Last night the agency held a public meeting to talk through its list of alternatives routes between Manawatu and Hawke's Bay.

About 150 people were at the Palmerston North Convention Centre to see the options.

They included a viaduct through the gorge, two possible tunnels, a new straight road south of the gorge as well as an upgrade to the Saddle Road.

Check out an interactive map of the options here

A consortium has also approached the Transport Agency about raising the now buried Manawatu Gorge Road and putting a wall in to protect it.

In July, public meetings were heated with angry residents lashing out at the agency's representatives.

Last night an agency staffer tried to tie up the public meeting after outlining the 13 options and taking a few questions, but that was not accepted by the audience.

As a staffer declared 'last question,' local man Ian Flyger reprimanded him.

"Excuse me. I'd like to know - we have about 150 to 200 people here tonight. I think we've all got questions to ask. Why are we limited by you sir, to the last question?"

Ian Flyger

Ian Flyger Photo: RNZ / Jacob McSweeny

That prompted another resident to stand up and call out the agency.

"This is a public meeting - it was advertised as a public meeting and it's not to have a few people at the front and to shut it all down.

"We want the questions and the answers to be heard in public for transparency for the people affected."

He was widely applauded.

Mr Flyger said he wanted more from agency staff.

"It just appears to me they're coming up with an answer that we haven't got an alternative yet. The ongoing problems with the gorge over the years, a considerable number of years, has never really effectively been addressed.

"They're telling us now that they're looking at options but good god wouldn't experience tell us that there should be an alternative or a backup in the case of an emergency.

"We have an emergency now, we have communities on one side of the ranges and the other suffering dramatically and we're getting roads torn up by heavy traffic ... which is adding to the cost," he said.

"It's been very airy fairy"

Hugh Akers owns a farm alongside the Saddle Road.

He said he got a phone call last Friday asking if he would like to come to the meeting - but it was not until he was at the meeting he learned an upgrade option would run through his property.

Hugh Akers

Hugh Akers Photo: RNZ / Jacob McSweeny

"Well it's a bit disturbing really. We hadn't seen any sign of anybody looking around us ... through the property.

"All of a sudden we get this [phone call] to say ... 'you should come a long'. So we thought maybe we are being affected.

Stuart Bolton also farms on the Saddle Road and had two possible routes going through his land.

"They're quite keen on getting a new route. But where they're going to put it ... leaves us in limbo basically.

"What do you do with your farming? If you want to spend money on capital projects ... like re-grassing new paddocks and then ... what's the point because you're going to have a new motorway go through, so I'm sort of holding back a bit."

To get to the Saddle Road means going through the small town of Ashhurst.

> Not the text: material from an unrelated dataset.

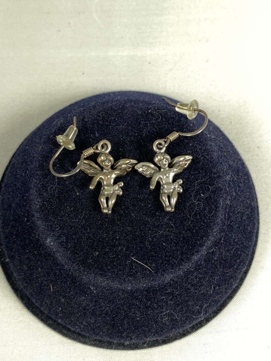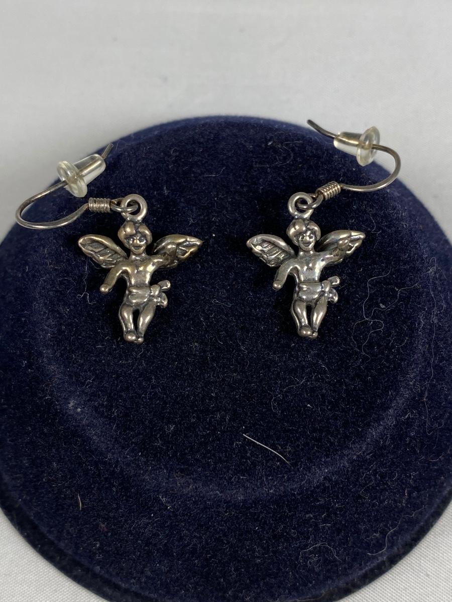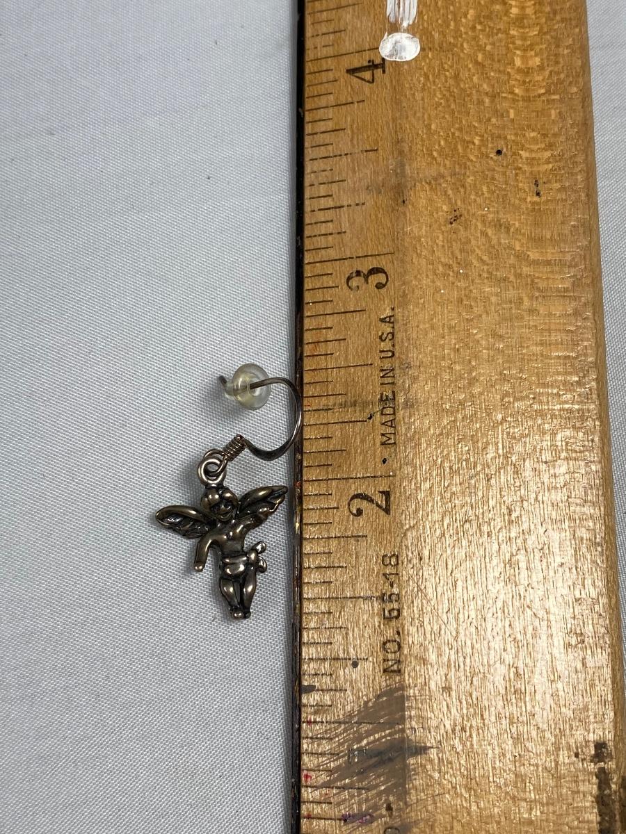 Small sterling silver cherub earrings. Marked sterling on the back. Under 1" size.

People there have been calling for a bypass but the one proposed on Monday night came as a shock to Craig O'Leary.

Craig O'Leary

Craig O'Leary Photo: RNZ / Jacob McSweeny

"At the moment River Road is a dead-end shingle road," he said.

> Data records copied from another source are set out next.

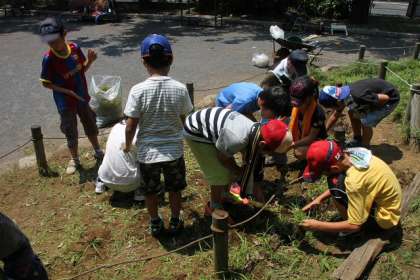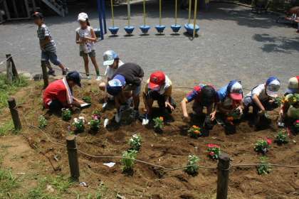 3年生の体験活動、「葭根公園の植栽管理」のようすです。3年生は1年間を通して地元での体験活動を1番多く設定しています。草取りをして、花を植える作業に、子どもたちは暑い中がんばりました。
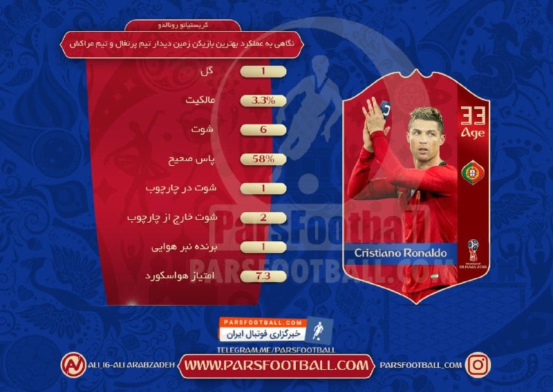 اینفوگرافی رونالدو بهترین بازیکن دیدار تیم های پرتغال و مراکش
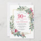 Red White Rose Floral Holly 90th Birthday Party Invitation
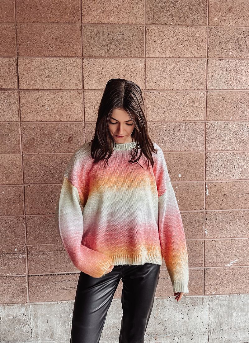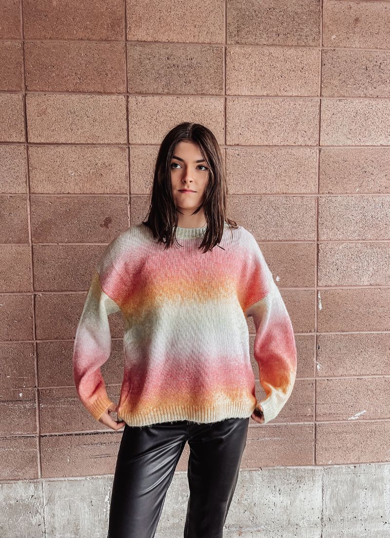 This gorgeous oversized sweater features a slight boxy fit. Pair it with your favourite jeans or pants and some boots.

"But in nine months time it might be a temporary State Highway 3. Which means it'll go a hundred metres from our bedroom window."

Mr O'Leary said if the bypass did run by his house he would want NZTA to stump up for some mitigation factors such as double glazing or plants to block the noise.

He was worried the Transport Agency did not have to consult him about putting the bypass down his road because it would not be on his land.

"I'd like them to talk to us and I'm sure they will.

"If they don't talk to us and give us some sort of compensation well they'll probably be hearing a lot more from the O'Learys," he said.

"And I'll be talking to you guys [the media] a lot more because if that's the only thing I've got to fight with is the media well that's what I'll do."

The Transport Agency is to hold a similar meeting in Woodville at 6pm today and another in Ashhurst on Wednesday.

A decision on a replacement to the gorge road is to be made by December.